For the production of antikovid immunoglobulin, a previously proven technology for the production of intravenous immunoglobulin of the "fourth" generation – chromatographically purified and virus-safe - was chosen. This technology allows you to get the finished product as quickly as possible and with a good yield of the final product. The holding company "Natsibio" of Rostec State Corporation managed to obtain a series of the drug in a short time and conduct preclinical and clinical studies, especially in the field of evaluating the effectiveness of the drug to neutralize the virus, as well as the safety of its use by patients. The clinical efficacy of the drug will be revealed during the ongoing clinical trials of the second and third phases.

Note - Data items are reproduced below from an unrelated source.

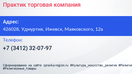 Практик, торговая компания по адресу 426028, Удмуртия, Ижевск, Маяковского, 12а в дальнейшем Организация, размещена в следующих категориях: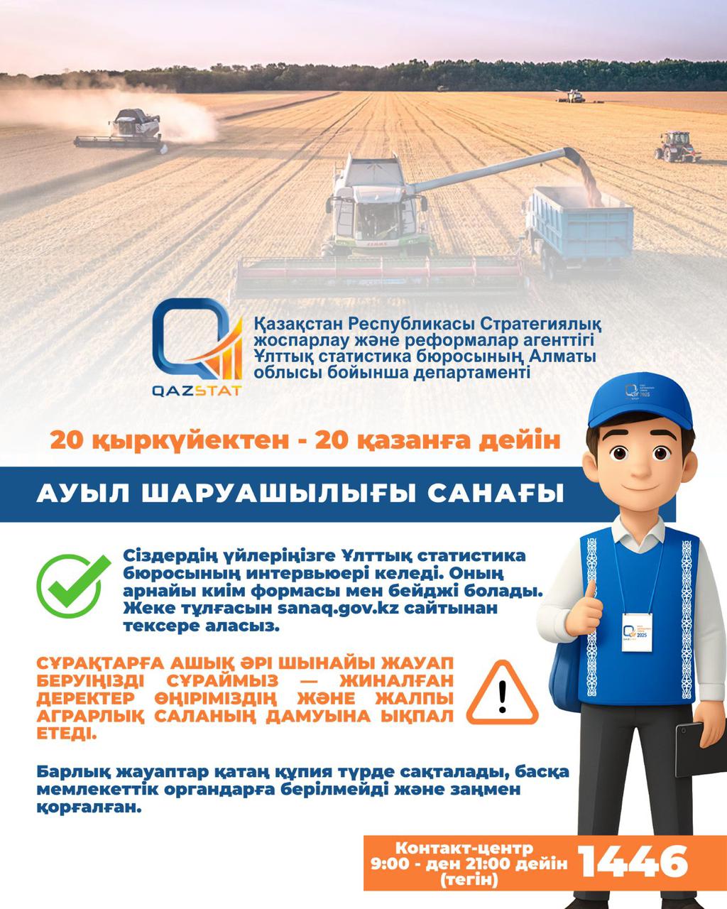 1 тамызда басталған Ауыл шаруашылығы санағы, 20 қазанға дейін жалғасады. Жиналған деректер салаға қатысты мәліметтерді жаңартуға және ауыл шаруашылығын дамытуға арналған шешімдер қабылдауға негіз болады.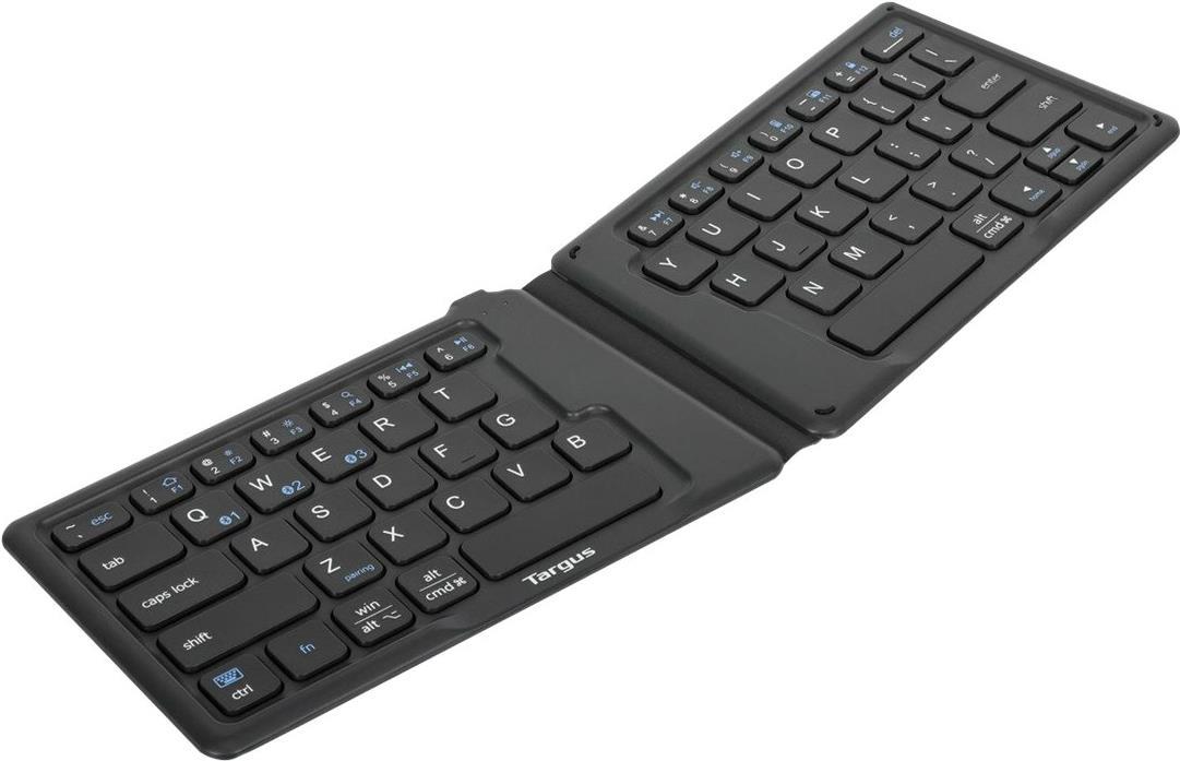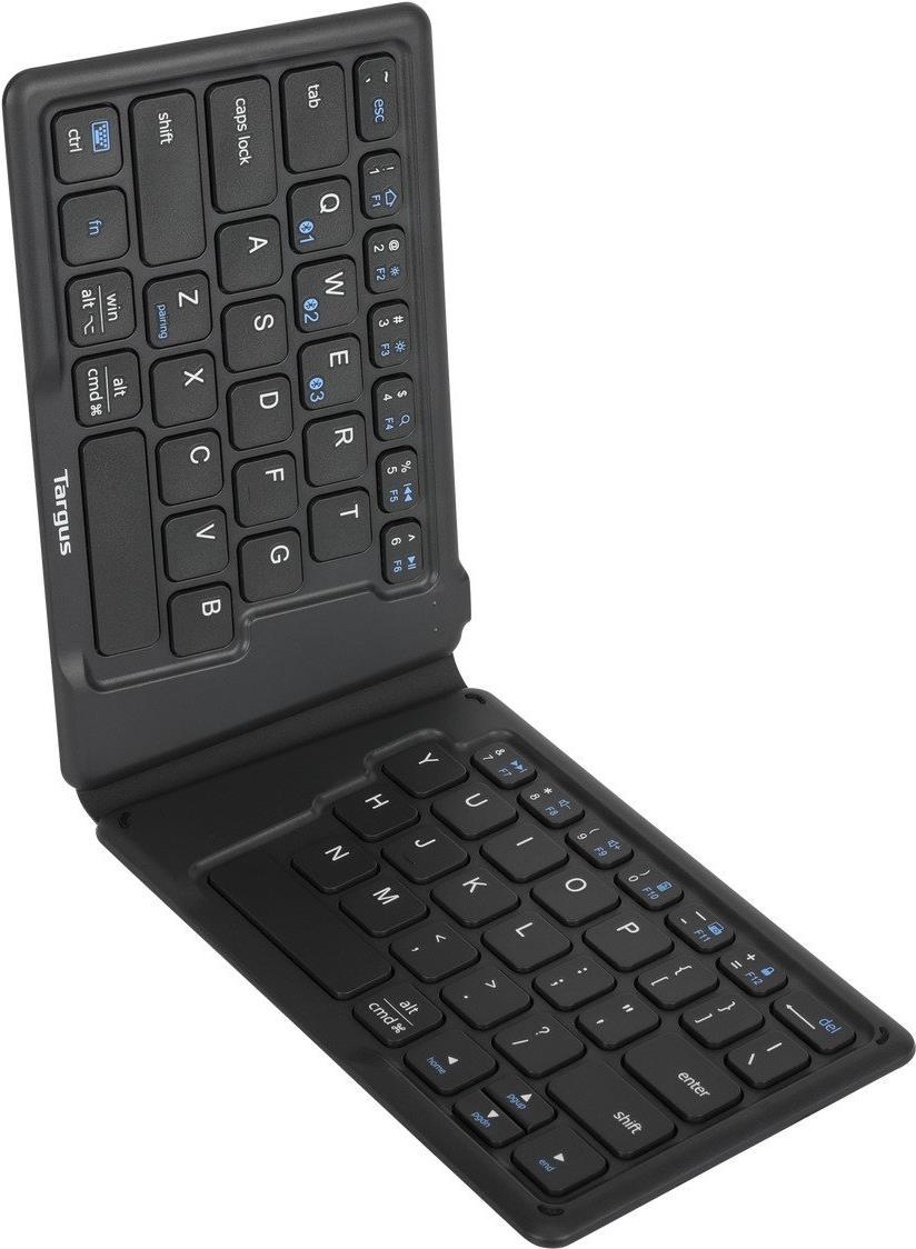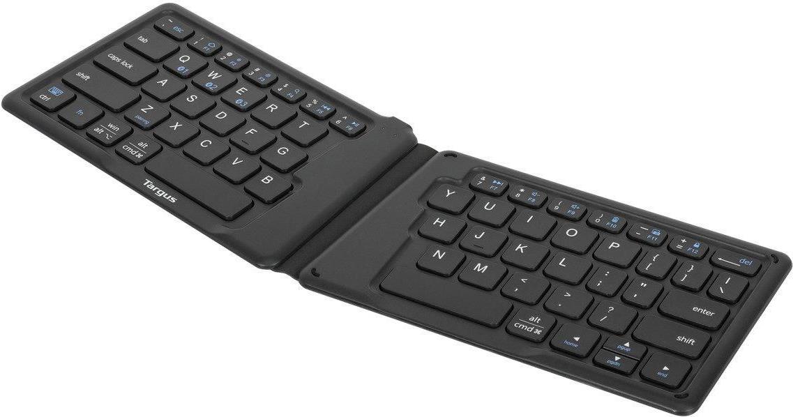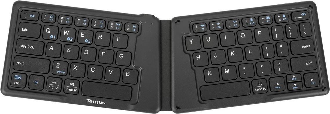Targus Folding Ergo UK-Layout Keyboard mit antimikrobiellem Schutz. Die ergonomische Tastatur im Taschenformat bietet universelle Kompatibilität und kann bis zu drei Geräte koppeln und in ihrem Speicher ablegen.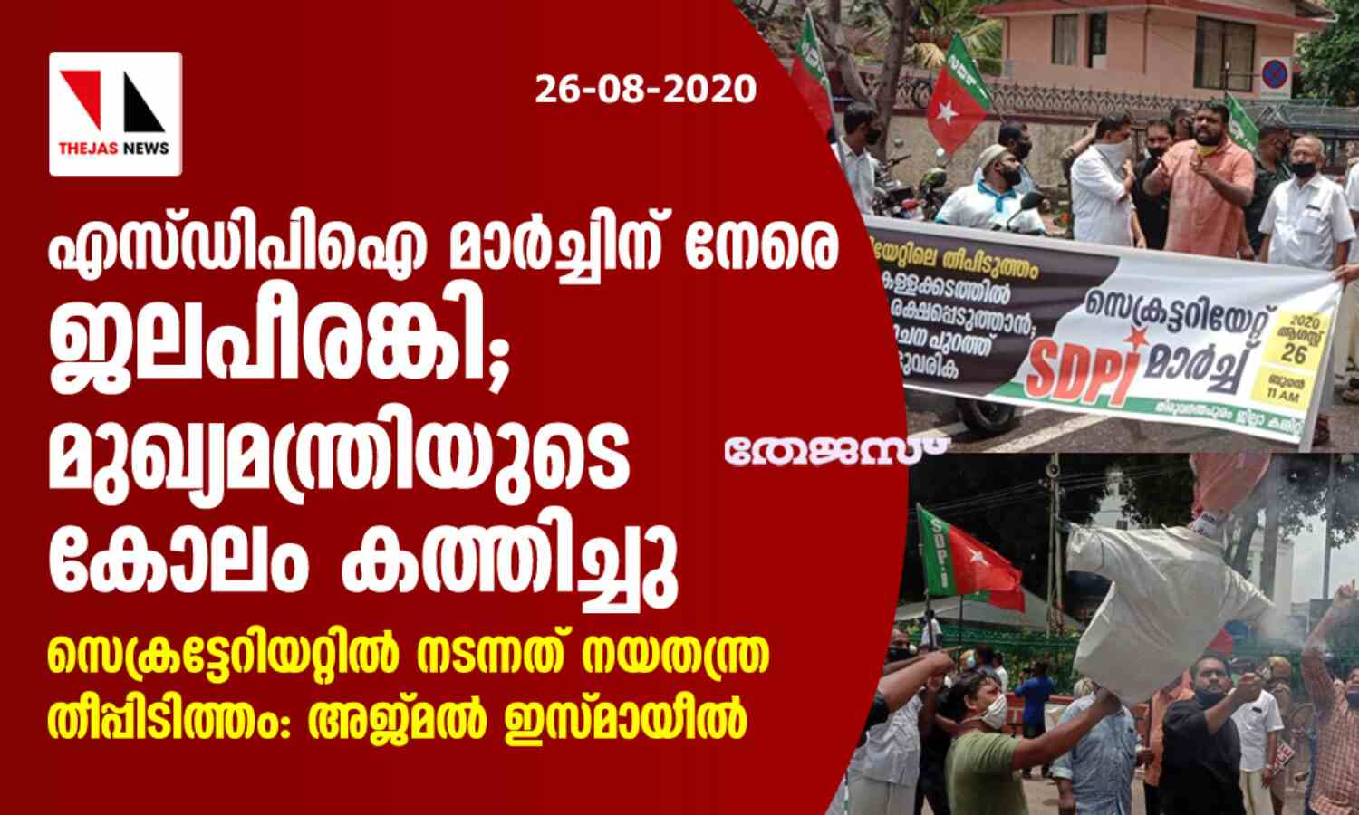 സെക്രട്ടേറിയറ്റ് തീപ്പിടിത്തം: എസ്ഡിപിഐ മാർച്ചിന് നേരെ ജലപീരങ്കി; മുഖ്യമന്ത്രിയുടെ കോലം കത്തിച്ചു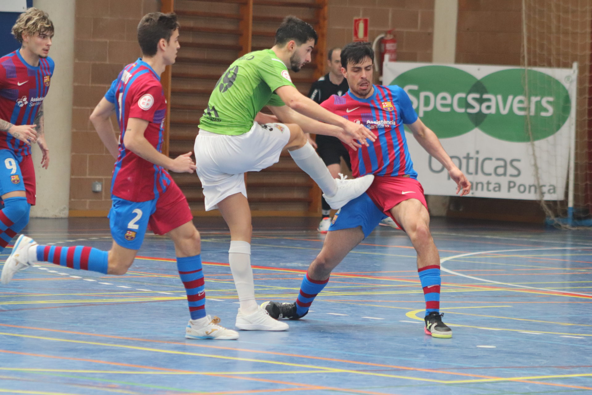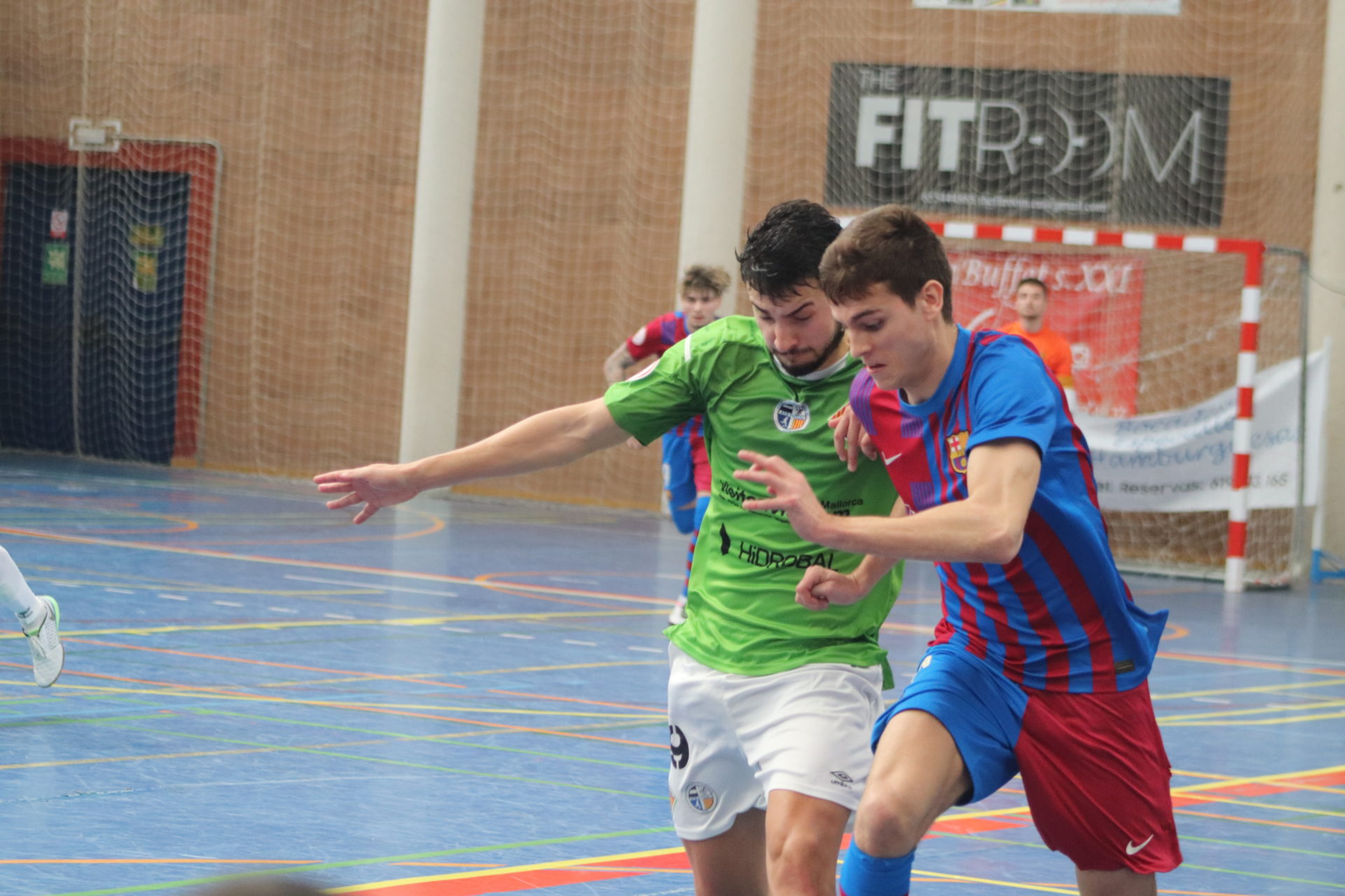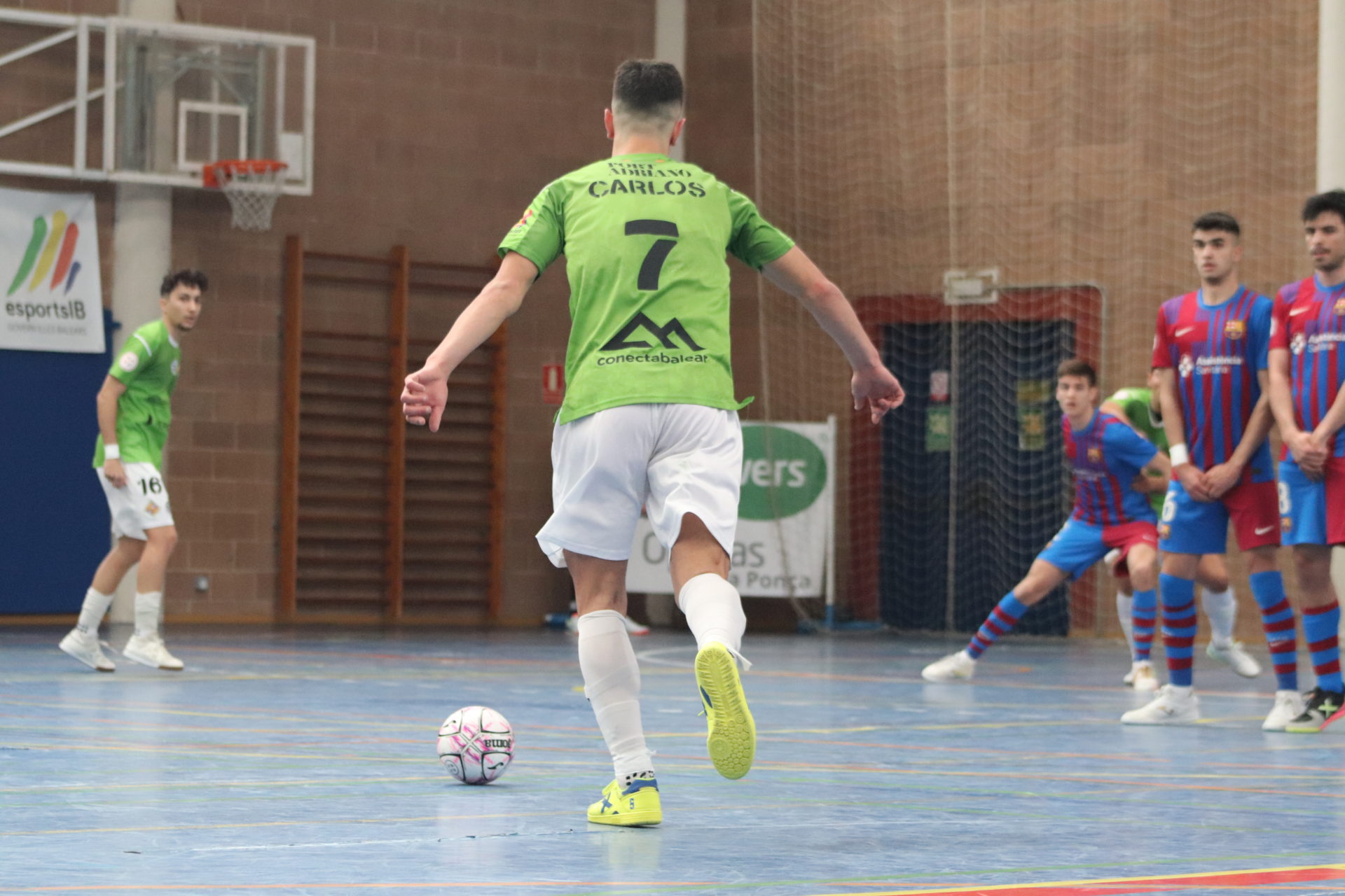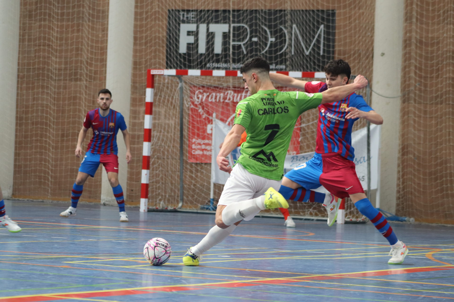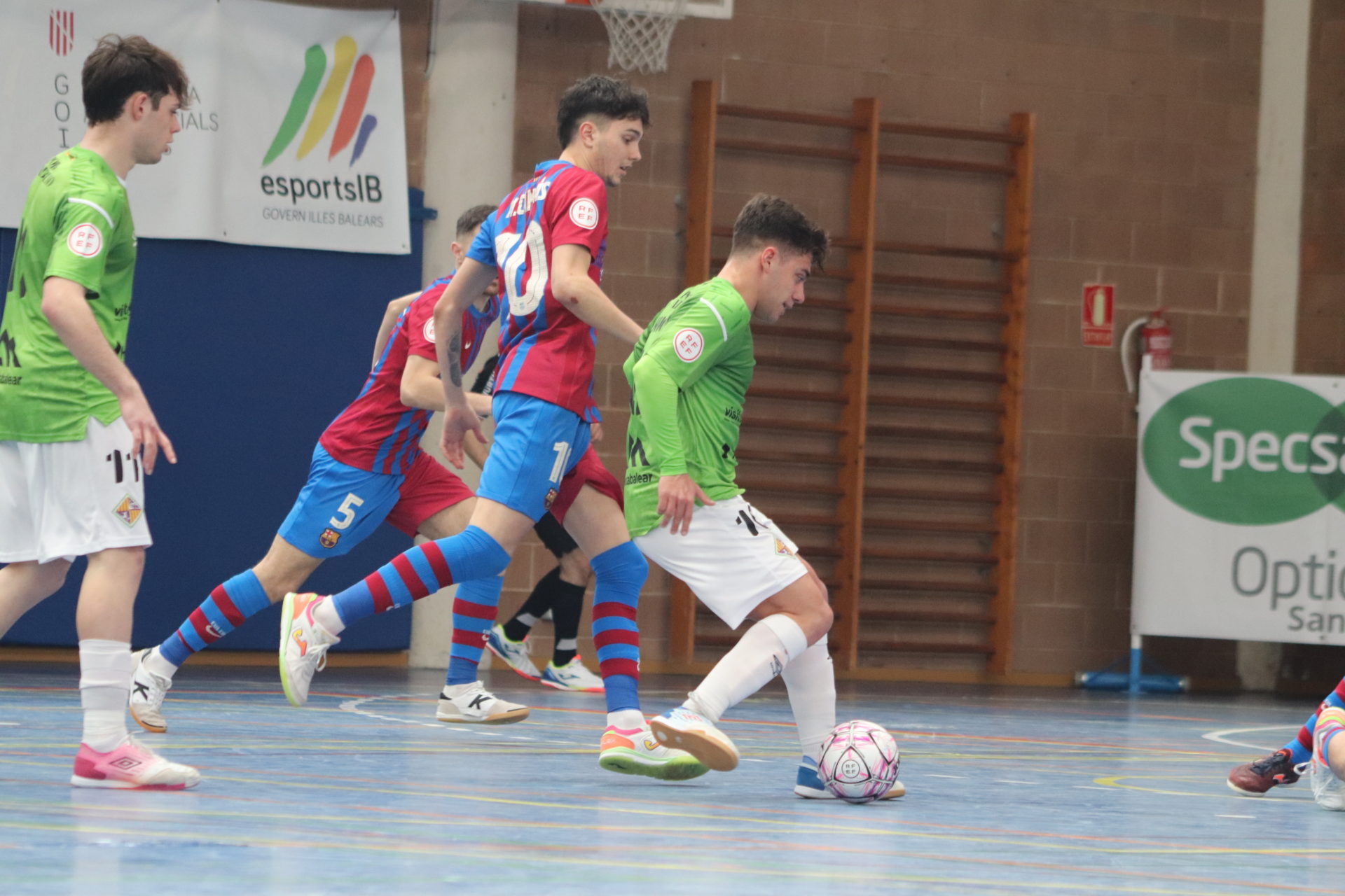El conjunto catalán se adelantó en el minuto cinco y dominó la mayor parte de la primera parte, y supo rehacerse del empate de los locales. En el minuto 16 de partido, un contragolpe del filial del Palma Futsal, culminado por Carlos, igualó el partido, aunque dos minutos después, el Barça volvió a anotar, y encima por partida doble. Mario y Rubén dejaron el marcador en 1-3 hasta el descanso.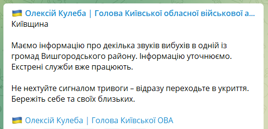 По его словам, известно о нескольких звуках взрывов в одной из громад Вышгородского района. Информация уточняется.

Already in the spring of 2020, at the very beginning of the outbreak of the disease, it was found that the plasma of COVID-19 donors with a high level of antibodies helps to reduce the viral load and improve the condition of patients with severe symptoms of infection. Currently, plasma transfusion with a high content of neutralizing antibodies is included in the recommendations for the treatment of COVID-19 of the Ministry of Health of Russia.

Food and Drug Administration (FDA) The United States has also authorized plasma transfusion of recovered patients as a method of treating severe forms of COVID-19. In April 2021, the Russian Ministry of Health approved the use of a specific immunoglobulin intended for the treatment of a new coronavirus infection. COVID-globulin has become the world's first registered drug against SASR-CoV-2. It is based on the blood plasma of people who have had a coronavirus infection.

The development of the holding "Natsibio" of the Rostec State Corporation in the course of research confirmed the safety, the absence of side effects and the ability to neutralize the virus. It is assumed that the drug will be used for the treatment of moderate and severe forms of the disease after the completion of phases II and III of clinical trials, which will be held, including on the basis of Moscow hospitals. Thus, the descendant drugs of "serum therapy" continue to play an important role in the fight against dangerous diseases. The Covid-19 pandemic has once again reminded that their potential is far from being exhausted.